Ben was glad to have a job which allowed fathers maternity leave, three months to be exact; truly generous.
When he spoke to his supervisor, Jeff Thorogood, at Wittford-Helms, the advertising firm he worked at, Jeff said, No problem.
But Ben worried about how much time could pass before it became a problem.
Somewhere, far away, something was banging, a sharp ping of distressed metal. Ben blinked rapidly, finally released from his trance. Furnace!
Ben raced from the second floor bathroom and headed to the cellar. He slipped on the bare wood stairs in his wet feet, latched onto the banister and wrenched his shoulder. The pain helped shake out some of the cobwebs.
He made it just in time and flipped the release valve. It was early December; a Chicago December, and the furnace was now working hard. Ben knew he should have drained it first thing, right after his coffee, but he was so damned tired his mind was foggy.
They should have replaced that old, decrepit boiler before any other renovations had begun and he’d told Chloe exactly the same thing. Let’s put the money into a new one, hon. Otherwise, it’ll be a huge pain in the ass. Neither of us is going to want to drain that thing every other day during the winter.
Chloe’s two cents: Oh, no one can see that old thing down there. I want to remodel up here and entertain.
So to save a fight, he agreed and they put the money into remodeling the kitchen of their three-bedroom Victorian-era home, instead of replacing the furnace. Now, every time the pressure got too high he had to bolt down to the cellar and drain water out, otherwise the cellar flooded. Luckily it was a task that needed to be performed only every other day.

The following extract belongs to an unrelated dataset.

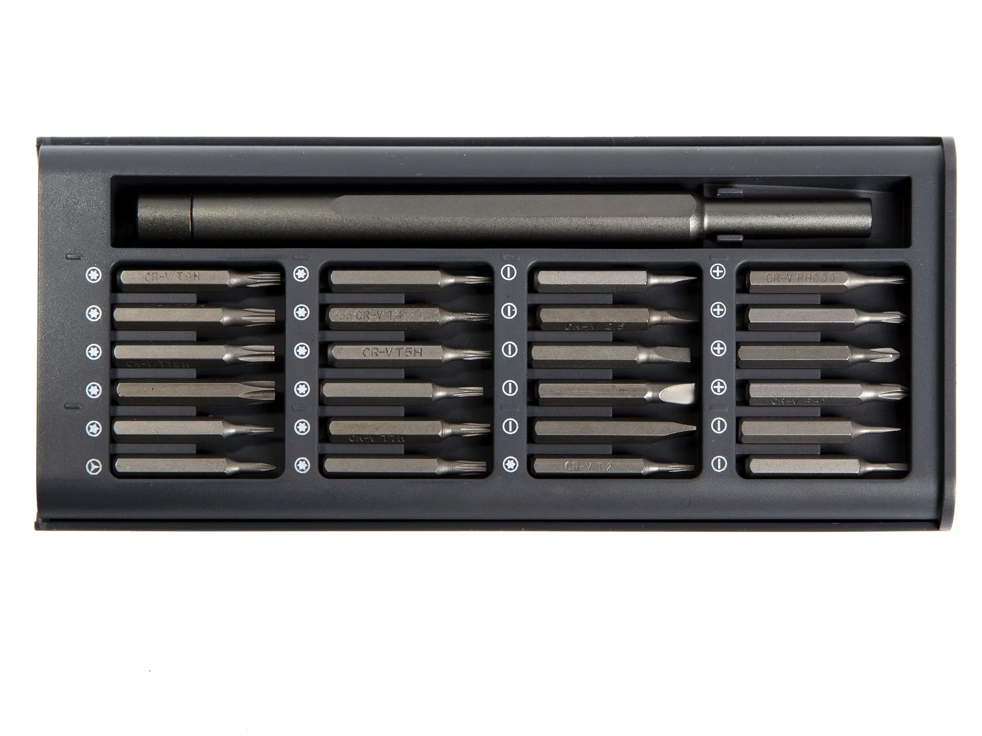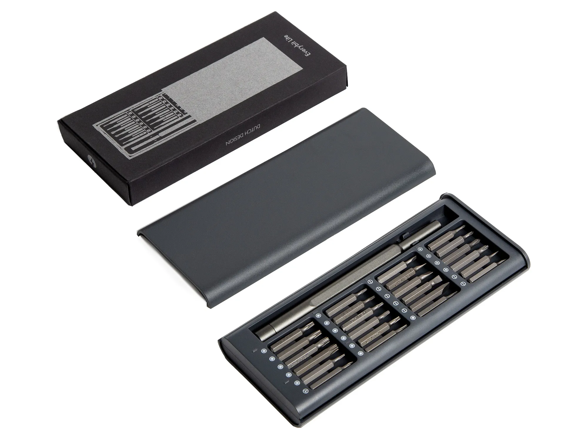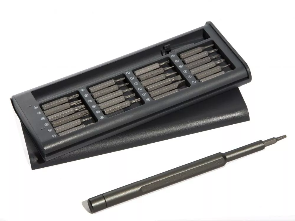 Everybit Lite — это набор отверток 24-в-1, изготовленный из прочной стали CRV и включающий в себя необходимые детали для ремонта смартфонов, планшетов, ПК и игровых консолей. В комплекте с анодированным, противоскользящим и вращающимся колпачком входят долота из закаленной стали с прорезями, крестообразные, шестигранные, Torx, пятилопастные и трехлопастные. Подходит для ремонтных работ с iPhone, iPad, MacBook Air и MacBook Pro, а также Nintendo, PlayStation и XBox. Кейс выполнен из пластика. УФ-печать (УФ-печать цветные изделия) на данный товар осуществляется бесплатно. Оплачивается только настройка оборудования в размере 1800 рублей на весь тираж.

He headed back upstairs to the bathroom, picked up the can of shaving cream, sprayed the foam in his hand and lathered up.
As he raked the razor across his face, Ben breathed a small sigh of relief. He couldn’t believe his good fortune. Baba Fête, Chloe’s great-grandmother, had called from out of the blue and asked how things were going. Ben told her their woes and she volunteered to help out; for the price of a plane ticket. In less than three hours he’d be driving to O’Hare airport to pick her up.
Baba,
sighed Ben, and a faint smile crept across his face as he thought of how excited Chloe had been when she heard Baba would be attending their wedding.